EXERCISE OBJECTIVE: With pictures excluded, copy word for word the lines in the data below from the line containing "Zachowane podkłady dawnego" through the line containing "EURMUSE 对比色拉链和拉链头细节,保暖功能长款羽绒冬季外套 - 軍綠色".

GIVEN ENTRIES:

= Beginning of Section =

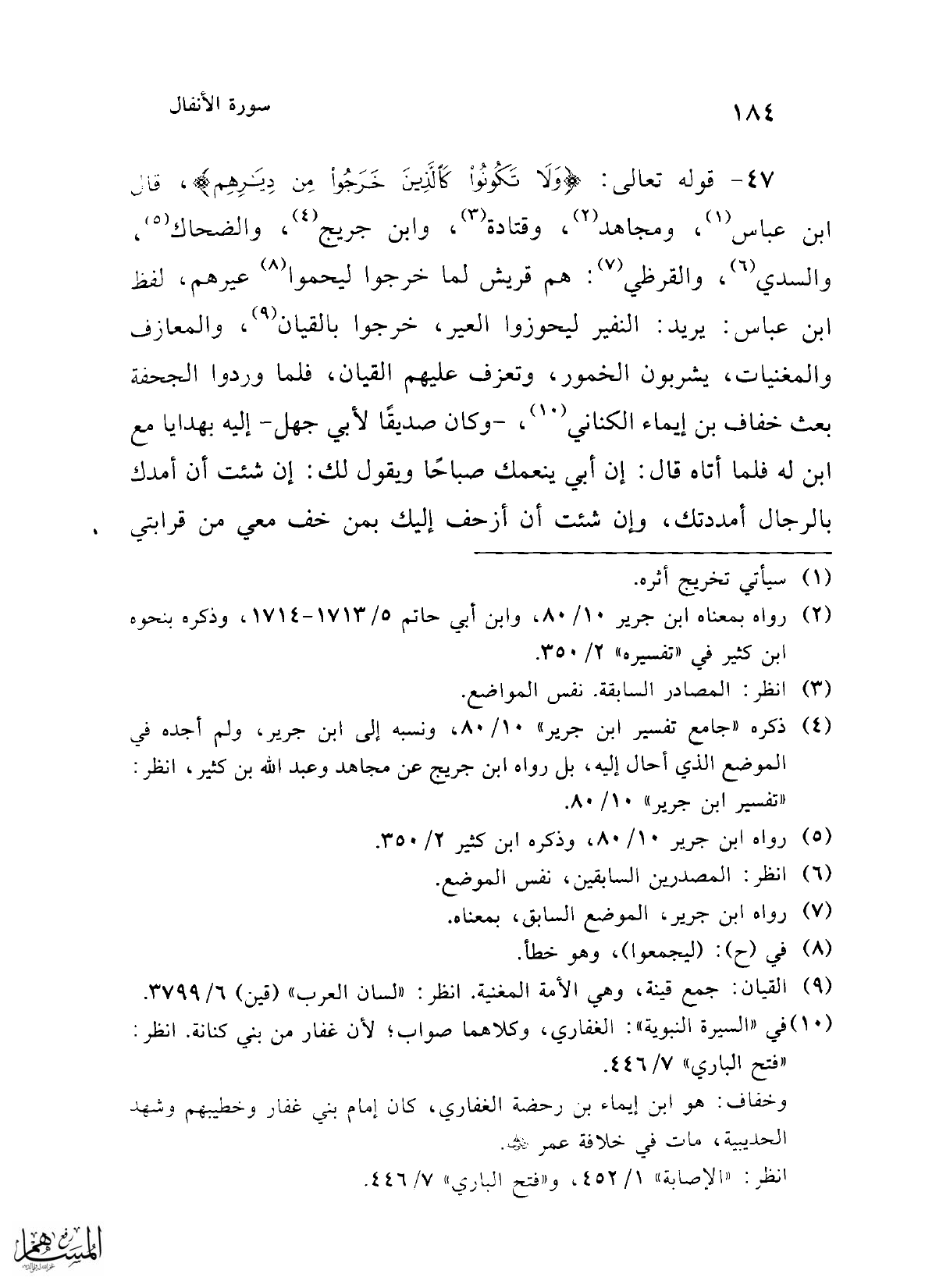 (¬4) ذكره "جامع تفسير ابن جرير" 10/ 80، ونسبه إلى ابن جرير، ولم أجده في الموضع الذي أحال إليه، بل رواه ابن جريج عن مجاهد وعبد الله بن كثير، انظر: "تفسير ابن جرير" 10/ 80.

= End of Section =
= Beginning of Section =

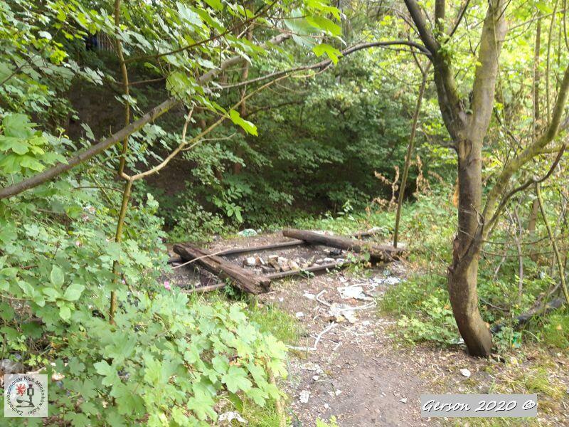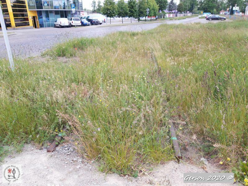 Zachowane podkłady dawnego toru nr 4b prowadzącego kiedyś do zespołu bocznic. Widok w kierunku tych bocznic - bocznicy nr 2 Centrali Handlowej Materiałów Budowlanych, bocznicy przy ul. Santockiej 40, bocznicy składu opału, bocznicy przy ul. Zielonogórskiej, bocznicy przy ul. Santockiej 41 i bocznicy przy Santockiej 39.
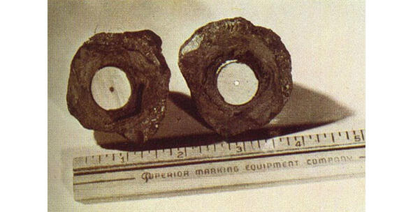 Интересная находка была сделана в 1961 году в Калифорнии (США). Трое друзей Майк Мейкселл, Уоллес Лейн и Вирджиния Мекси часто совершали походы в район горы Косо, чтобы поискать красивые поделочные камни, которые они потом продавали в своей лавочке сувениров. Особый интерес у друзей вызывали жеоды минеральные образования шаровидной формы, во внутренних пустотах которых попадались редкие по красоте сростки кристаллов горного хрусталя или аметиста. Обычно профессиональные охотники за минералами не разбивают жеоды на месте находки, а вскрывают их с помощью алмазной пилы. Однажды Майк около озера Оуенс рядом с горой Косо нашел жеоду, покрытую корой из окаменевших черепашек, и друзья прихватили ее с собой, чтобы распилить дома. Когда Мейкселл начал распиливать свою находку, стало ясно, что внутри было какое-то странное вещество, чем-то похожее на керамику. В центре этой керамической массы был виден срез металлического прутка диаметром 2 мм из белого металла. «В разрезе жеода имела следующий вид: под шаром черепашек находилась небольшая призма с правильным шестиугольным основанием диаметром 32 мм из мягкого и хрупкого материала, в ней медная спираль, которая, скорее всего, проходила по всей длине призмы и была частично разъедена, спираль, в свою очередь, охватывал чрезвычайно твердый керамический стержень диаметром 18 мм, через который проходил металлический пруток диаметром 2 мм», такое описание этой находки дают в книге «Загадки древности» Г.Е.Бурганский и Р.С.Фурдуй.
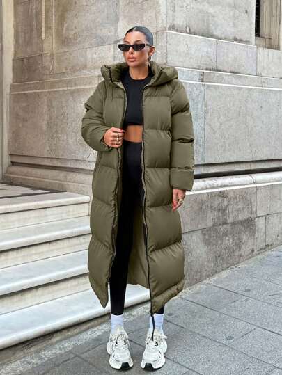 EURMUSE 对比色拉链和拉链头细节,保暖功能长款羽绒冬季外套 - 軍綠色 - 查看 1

= End of Section =

SOLVED EXERCISE:
 Zachowane podkłady dawnego toru nr 4b prowadzącego kiedyś do zespołu bocznic. Widok w kierunku tych bocznic - bocznicy nr 2 Centrali Handlowej Materiałów Budowlanych, bocznicy przy ul. Santockiej 40, bocznicy składu opału, bocznicy przy ul. Zielonogórskiej, bocznicy przy ul. Santockiej 41 i bocznicy przy Santockiej 39.
 Интересная находка была сделана в 1961 году в Калифорнии (США). Трое друзей Майк Мейкселл, Уоллес Лейн и Вирджиния Мекси часто совершали походы в район горы Косо, чтобы поискать красивые поделочные камни, которые они потом продавали в своей лавочке сувениров. Особый интерес у друзей вызывали жеоды минеральные образования шаровидной формы, во внутренних пустотах которых попадались редкие по красоте сростки кристаллов горного хрусталя или аметиста. Обычно профессиональные охотники за минералами не разбивают жеоды на месте находки, а вскрывают их с помощью алмазной пилы. Однажды Майк около озера Оуенс рядом с горой Косо нашел жеоду, покрытую корой из окаменевших черепашек, и друзья прихватили ее с собой, чтобы распилить дома. Когда Мейкселл начал распиливать свою находку, стало ясно, что внутри было какое-то странное вещество, чем-то похожее на керамику. В центре этой керамической массы был виден срез металлического прутка диаметром 2 мм из белого металла. «В разрезе жеода имела следующий вид: под шаром черепашек находилась небольшая призма с правильным шестиугольным основанием диаметром 32 мм из мягкого и хрупкого материала, в ней медная спираль, которая, скорее всего, проходила по всей длине призмы и была частично разъедена, спираль, в свою очередь, охватывал чрезвычайно твердый керамический стержень диаметром 18 мм, через который проходил металлический пруток диаметром 2 мм», такое описание этой находки дают в книге «Загадки древности» Г.Е.Бурганский и Р.С.Фурдуй.
 EURMUSE 对比色拉链和拉链头细节,保暖功能长款羽绒冬季外套 - 軍綠色 - 查看 1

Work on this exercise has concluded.